** Opening INFORMATION SHOWN block **

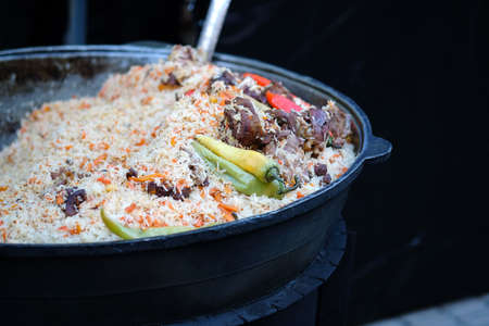 Rice with meat, carrots in a large cauldron. Pilaf with spices during the Christmas market. Street food - pilaf in a black pot.
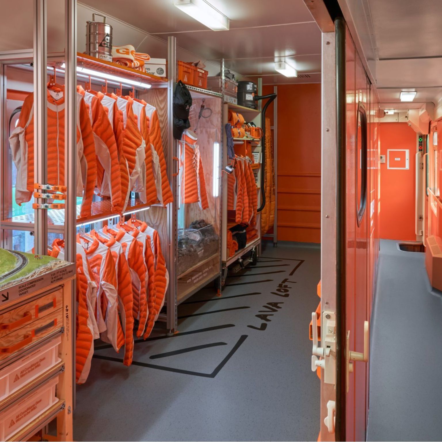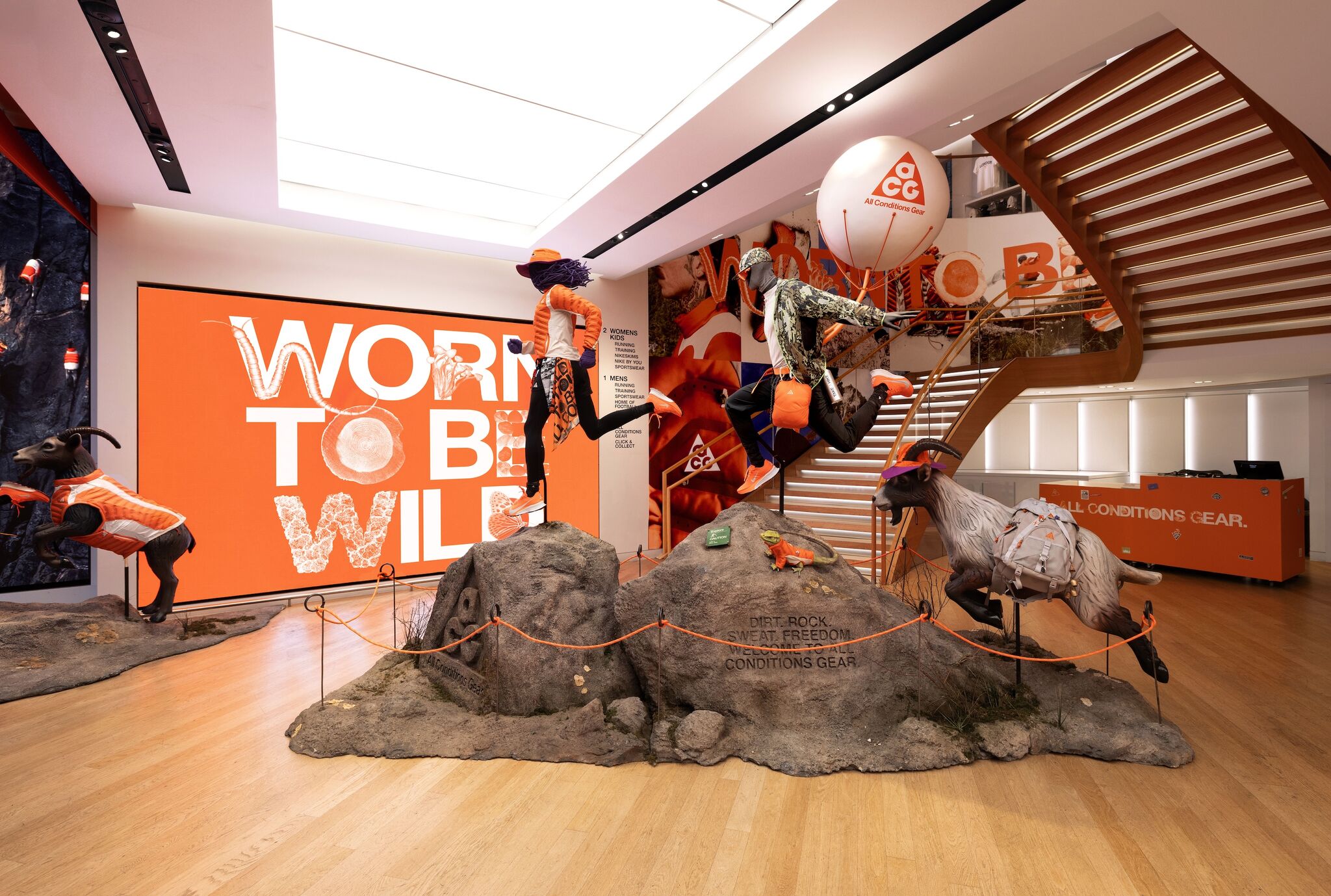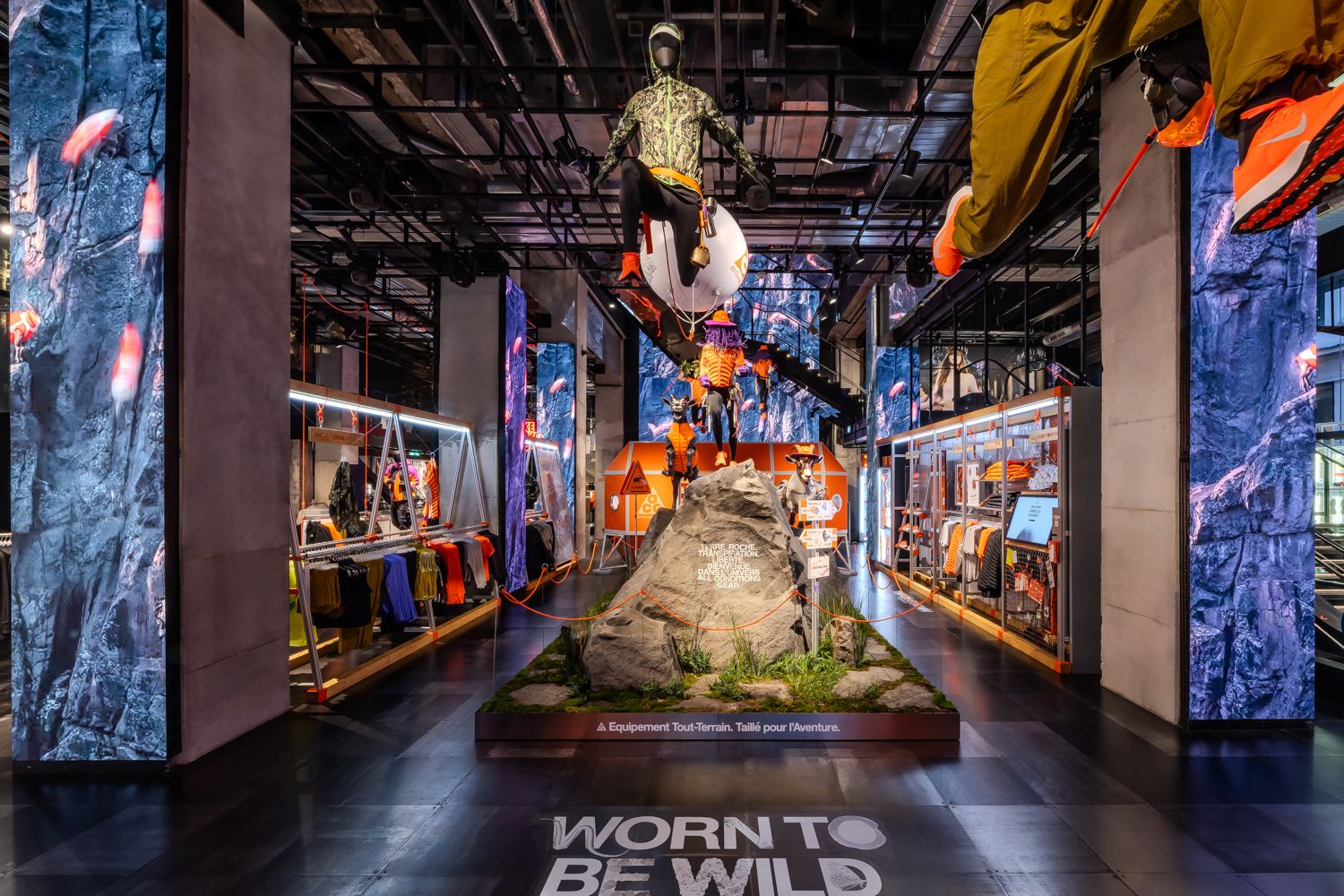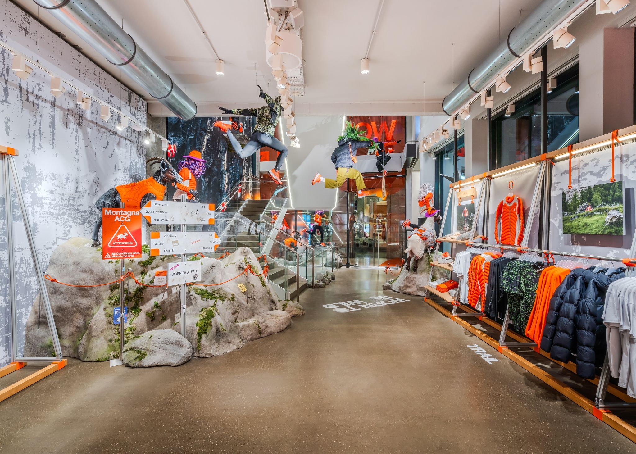 The interiors of stores in Paris, Milan, London or New York feature rock shapes that evoke mountains, mannequins in positions and levels that reflect outdoor sports, natural details or even animal sculptures, such as bears and goats. All of this is combined with the brand’s corporate orange and environments that emulate the interior of tents or high-tech shelters.
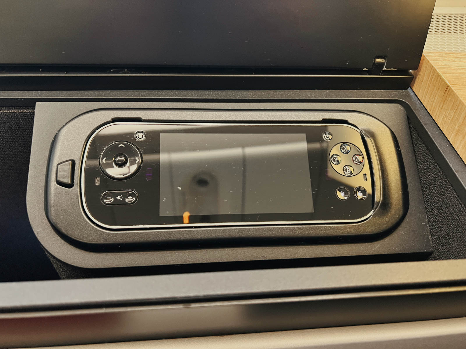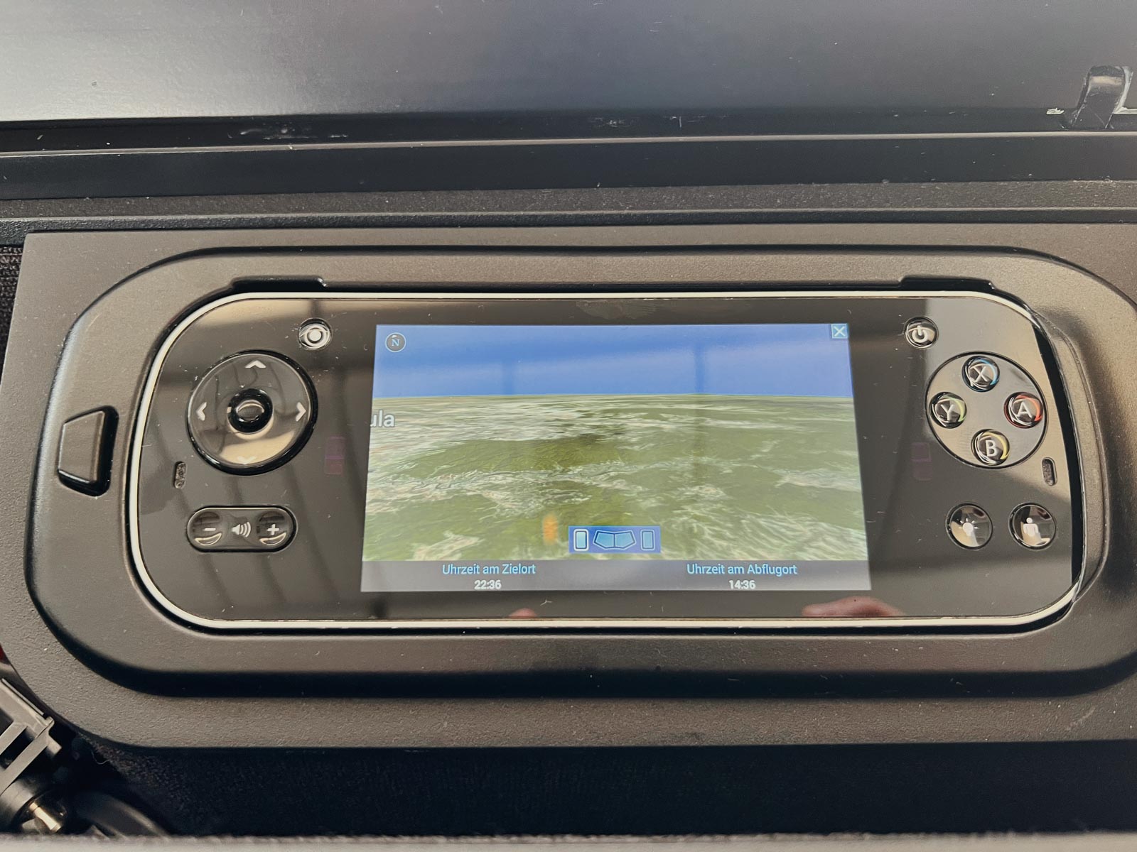 Mit dem IFE Controller lässt sich die Auswahl auf dem Monitor steuern, er kann für die Airshow allerdings auch separat genutzt werden, so dass ihr auf dem großen Bildschirm einen Film schauen könnt während nebenher die Airshow auf dem Handheld läuft.
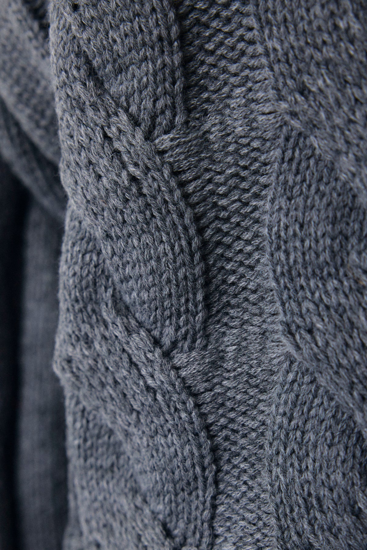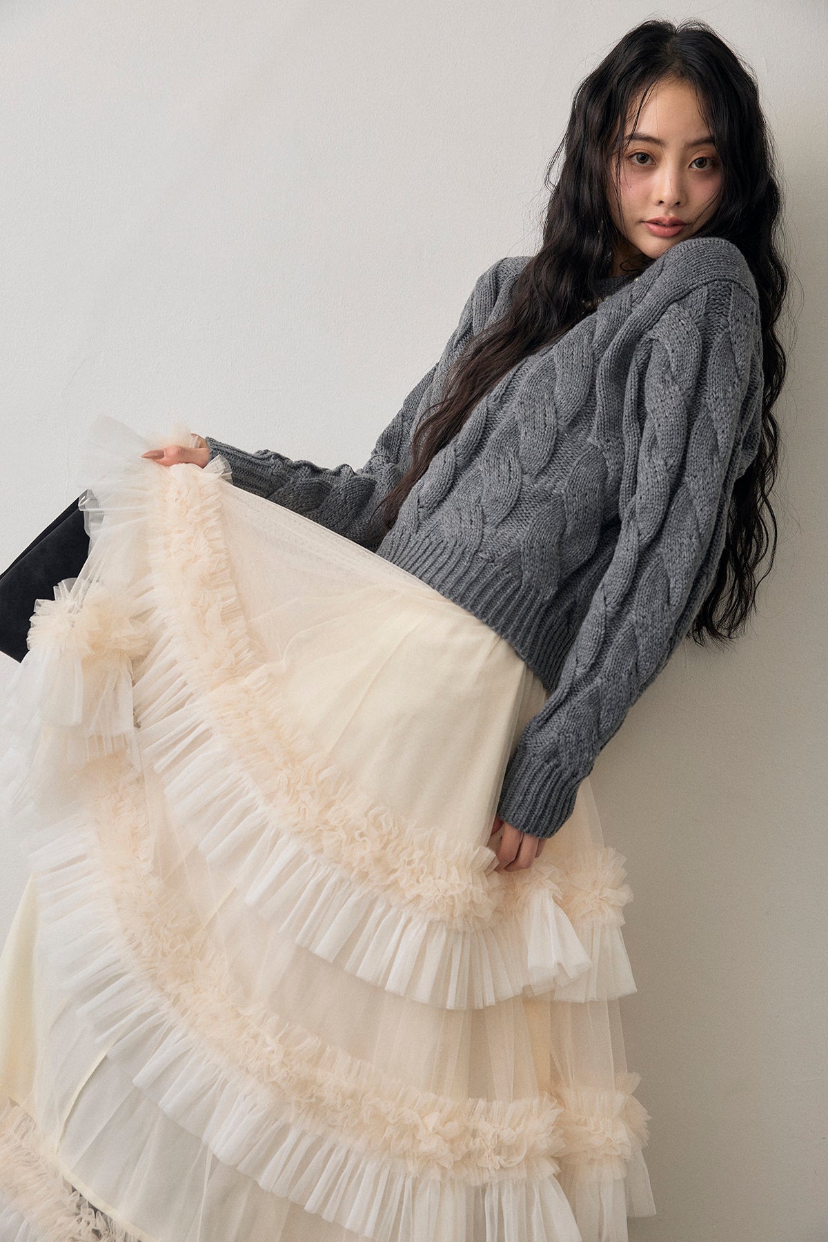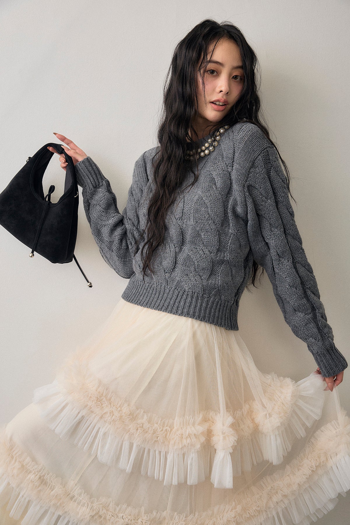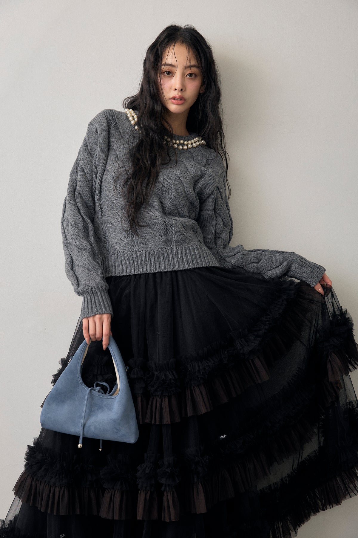 首元のパールがアクセントのケーブル編みニット。立体的なループが、シンプルなコーデでも自然な存在感をつくります。厚みのある編み地であたたかく、デニムやスカートともバランス良くまとまる一枚。甘さのあるディテールをほどよく効かせつつ、着こなしに動きをプラスしてくれるニットです。

** Closing INFORMATION SHOWN block **

*WORK TASK*. Set down the material again exactly. Don't carry over any pictures.

*EXERCISE RESULT*.
 Rice with meat, carrots in a large cauldron. Pilaf with spices during the Christmas market. Street food - pilaf in a black pot.
 The interiors of stores in Paris, Milan, London or New York feature rock shapes that evoke mountains, mannequins in positions and levels that reflect outdoor sports, natural details or even animal sculptures, such as bears and goats. All of this is combined with the brand’s corporate orange and environments that emulate the interior of tents or high-tech shelters.
 Mit dem IFE Controller lässt sich die Auswahl auf dem Monitor steuern, er kann für die Airshow allerdings auch separat genutzt werden, so dass ihr auf dem großen Bildschirm einen Film schauen könnt während nebenher die Airshow auf dem Handheld läuft.
 首元のパールがアクセントのケーブル編みニット。立体的なループが、シンプルなコーデでも自然な存在感をつくります。厚みのある編み地であたたかく、デニムやスカートともバランス良くまとまる一枚。甘さのあるディテールをほどよく効かせつつ、着こなしに動きをプラスしてくれるニットです。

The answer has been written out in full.